Meet hate with love. Return good for evil. Leave the anger to the Lord; He will repay.

th-18These are the hardest lessons. We often think we have a right to be angry. We call it righteous anger or righteous indignation. We think we can justify our anger. And understandably so, especially when we see such evil being done all around us. You see innocent people being led to slaughter like animals just for what they believe, and you can feel the holy bile of hatred rising within you. If you could blow those people away you would. But does God ask you to do that? Does God think you can fix this? Is He counting on you to set the record straight? If the Judge of the whole earth is withholding His right hand of justice, what makes us think we can use ours?

Not to belittle the need and value of justice being meted out in a human court of law. This is right and what should be done, but this is also a process that involves many checks and balances of power so it is the law itself that judges, not some Rambo picking up a gun and blowing all the bad guys away.

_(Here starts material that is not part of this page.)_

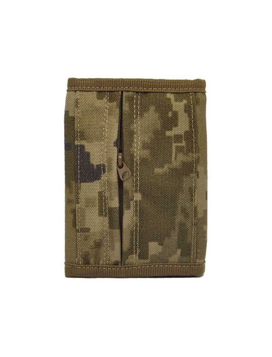 Вільно поміщається в кишеню джинсів або тактичних штанів. В ньому передбачені відділення під права, кредитки, різні дрібниці, відділення на металеві монети та відділення на паперові купюри що додатково закривається на блискавку. Гаманець застібається на якісну липучку Velkro. Модель виготовлена в стилі мілітарі.
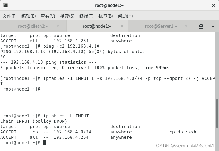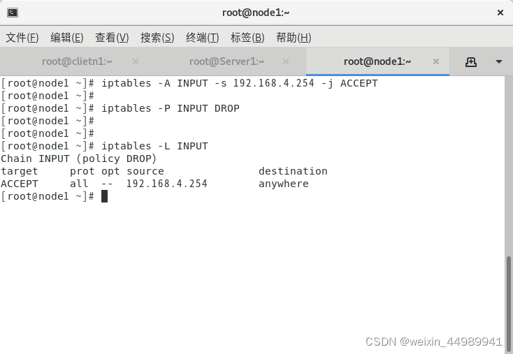 [root@node1 ~]# iptables -A INPUT -s 192.168.4.254 -j ACCEPT

Bruce Cockburn wrote in a song after witnessing innocent villagers being shot and killed by an insurgent helicopter in South America: “If I had a rocket launcher, some S.O.B. would die!” And we understand; we feel with him. It’s a natural human reaction. But we don’t have a rocket launcher, we don’t have the power, and we don’t sit in a place of judgment. So for us, this feeling may be justified, but it doesn’t have anywhere to go. That’s why the Lord, in effect, says, Give your anger to Me; I will deal with these guys in My time. Letting that anger boil inside you, however righteous it may be, isn’t going to help anybody.

Moses was forever blocked from entering into the Promised Land as a result of his righteous anger. Wandering for forty years in the desert, the children of Israel continually complained and grumbled against Moses and Aaron about being hungry and thirsty: “This land has no grain, figs, grapes, or pomegranates. And there is no water to drink” (Numbers 20:5)! So Moses goes before the Lord for the umpteenth time and pleads for the people, and God responds, “As the people watch, command the rock over there to pour out its water. You will get enough water from the rock to satisfy all the people and their livestock” (Numbers 20:8).

So Moses summoned the people to the rock and proceeded to cry out, “Listen you rebels! Must we bring you water from this rock?” And raising his hand, he struck the rock twice with his staff and water came gushing out.

So he embellished a little. So he showed his anger and impatience with the people. So he put himself in a place of judgment with God where he didn’t belong (“Must we bring you water from this rock?”). Was that enough to keep him out of the Promised Land? Apparently God thought so.

We do not get to act independently of God even for righteous causes.

Don’t harbor anger in your heart, however righteous you think it might be. It will eventually hurt someone, and most certainly hurt you. Leave it to the Lord who causes the sun to rise on the evil and the good, and the rain to fall on the just and the unjust (Matthew 5:45). Let God be God. He knows what He is doing, even if we do not.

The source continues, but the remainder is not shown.